湯浅健二の「J」ワンポイント


2023年Jリーグの各ラウンドレビュー


 

第33節(2023年11月25日、土曜日)

 

わたしは、吉田孝行ヴィッセルが魅せつづけた、最高の「意志の闘い」を、心から称賛していた・・(ヴィッセルvsグランパス、2-1)

 

試合後、すぐに、数週間前にアップした、ヴィッセル対アントラーズ戦コラムを、読み返した。

そこでも書いたけれど、とにかく、優れたプロコーチ、吉田孝行に対して、サッカー仲間として、心からの称賛と(日本サッカーへの貢献に対する!)感謝の拍手をおくります。

優勝、おめでとうございました。

この「初」優勝については、昨日コラムの最後にも、少し書き添えたっけね。

この、リーグにおける「名前の変化」は、着実に、様々なコノテーション(言外に含蓄する意味)を内包するポジティブエフェクトをもたらすに違いない・・ってね。

あっと・・

ゲームも、簡単に振り返っておきましょうか。

わたしが注目したポイントは、まず、ホームのヴィッセルが、前半10分前後までに「2-0」とリードしたコト。

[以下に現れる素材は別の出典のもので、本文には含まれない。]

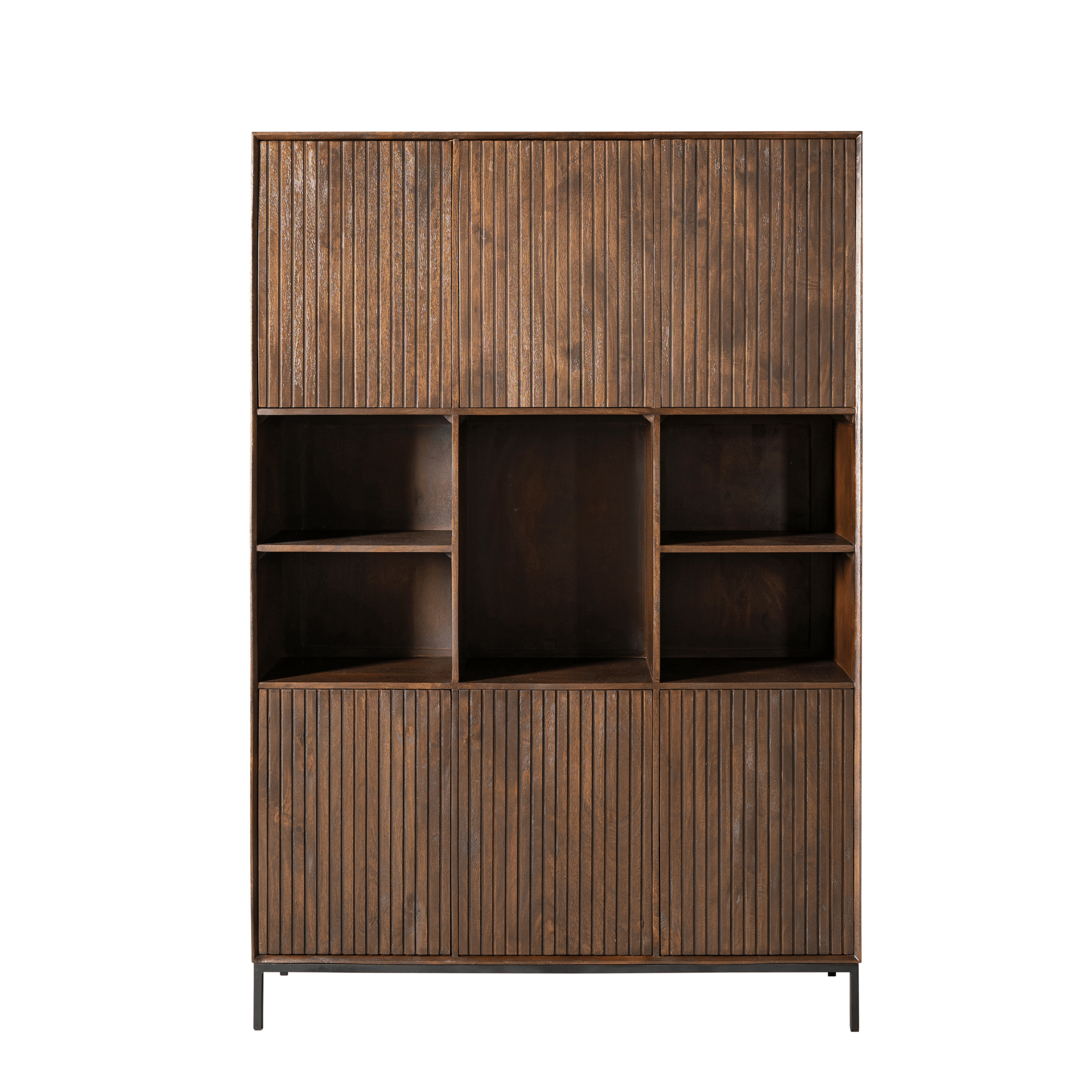 €1.349,00Vakkenkast XL ‘Madison’ is gemaakt van mangohout. Het metalen frame is afgewerkt met een zwarte lak. Dit model is voorzien van zes deuren en vijf openvakken. De deuren zijn voorzien van een verticaal lattenpatroon en is afgewerkt met een bruine finish.

また、前半のうちに、グランパスのキャスパー・ユンカーが一点を返し、その後も、絶対的ゴール機会を得たという事実も・・ね。

2点リードという状況は、ある意味、危険なんだよ。

すこし安心していた気持ちが、1点差に詰め寄られたとき、大きな「心理的揺動」によって、その後のサッカー内容が、「事実以上」に落ち込んでしまうというケースが多いんだ。

だから、前半の内容を観ながら、こんなコトを思っていた・・

後半、ヴィッセルにとって「震える時間」が、つづくのか・・!?

でも、そんな心配は、杞憂に終わった。

そう、後半がはじまってすぐに・・

優れた心理マネージャー吉田孝行によって(強烈な檄!?)、闘うマインドを取り戻したヴィッセルの、積極的&攻撃的なボール奪取プロセス(守備)が、再び、冴えわたりはじめたんだ。

サッカーでは、ゲーム内容の(ほぼ)全てが、ボール奪取プロセス(守備)の内実によって決まるといっても過言じゃないんだよ。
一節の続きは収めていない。